Five Ten Wall Master
The Wall Master is Five Ten's affordable shoe designed with a level of comfort and support that can appeal to both the expert and the beginner. An extra stiff midsole will satisfy the advanced climber seeking edging ability and all-day support on multipitches and crack climbs, as well as catering for beginners with weaker feet. A symmetric toe box and lower heel tension relaxes the shoe so there are no painful pressure points, and an unlined leather upper is not only the most breathable but the most comfortable and adaptable to your foot shape. Extra stiff and neutral in shape, this is a classic shoe for beginners and multipitch climbers alike.

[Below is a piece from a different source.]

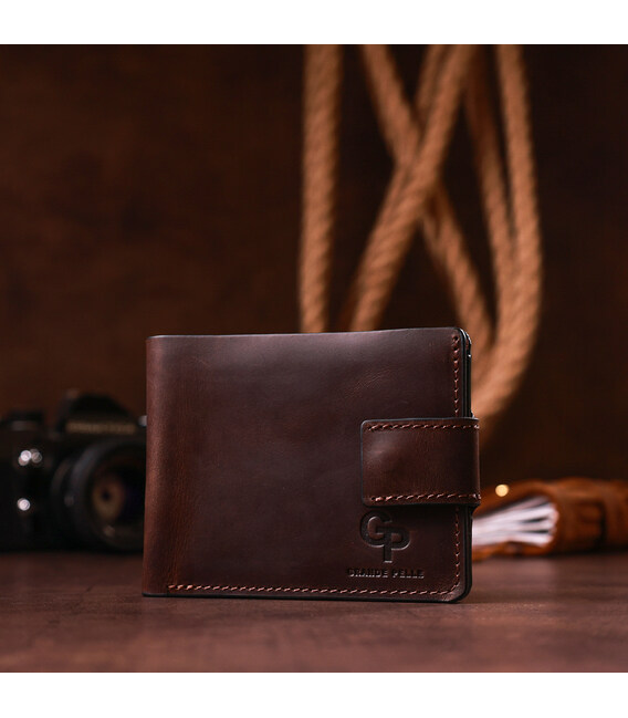 Описание Тонкое кожаное портмоне унисекс GRANDE PELLE 11220 Коричневое

Also, bear in mind that this upper will stretch up to a full size, so remember to size appropriately. Advanced climbers may seek a performance fit, whereas beginners may prefer a looser, more comfortable shoe.
Tech specs
Upper material | Leather |
Flex | Stiff |
Closure type | Velcro |
Color | Solar Gold |
Weight | 0.25 kg (Size 40 EU) |
Last | Low Asymmetry |
Sole material | Stealth C4 Rubber |
Sole thickness | 4.2mm |
Profile | Flat |
Lining | Unlined |
Features

Stealth® C4™ Rubber
A high-friction rubber used on the majority of Five Ten’s shoes due of its all-round performance and versatility. Five Ten first debuted this rubber on the original approach shoe, the Five Tennie, in 1985, and since then Stealth rubber has always been developed by Five Ten themselves in direct conjunction with their shoes, unlike other shoe manufacturers who outsource their rubber. The result is a rubber that works with your shoe harmoniously.
Tested it on (polished) rock and in the gym. Performed great in both cases, very sticky rubber and good edging.Very comfortable to. The stiffness of the sole and tip needs some getting used to but this was partly the reason to buy this shoe. I'm going to downsize half a size for my next pair. They seem very robust to.Good value for money.
I ordered this shoe in the same size as my Anasazi Lace Pink (thight fit) and HiAngle (very tight fit). It's been comfortable from day one, this will most likely become my shoe for multi pitch climbs. The midsole is quite stiff. The quality seems to be really good.
This shoe is indeed very stiff and rigid. The volume of this shoe is very low, so it takes a bit more time and effort (a bit of pain) to break it in. The stiff sole should be able to stand beginner's abuse, and the rubber is better and sticker than regular rental shoes.
The downside of the stiff sole was that it took away almost all the sensitivity. I had a Sportiva Tarantulace, which also had a stiff midsole, but Tarantulace was much more sensitive than this shoe. I do not recommend this shoe to intermediate climbers who try to stand on small foot holes, because your toes will not feel the small foot holes at all, which makes it hard to trust your feet.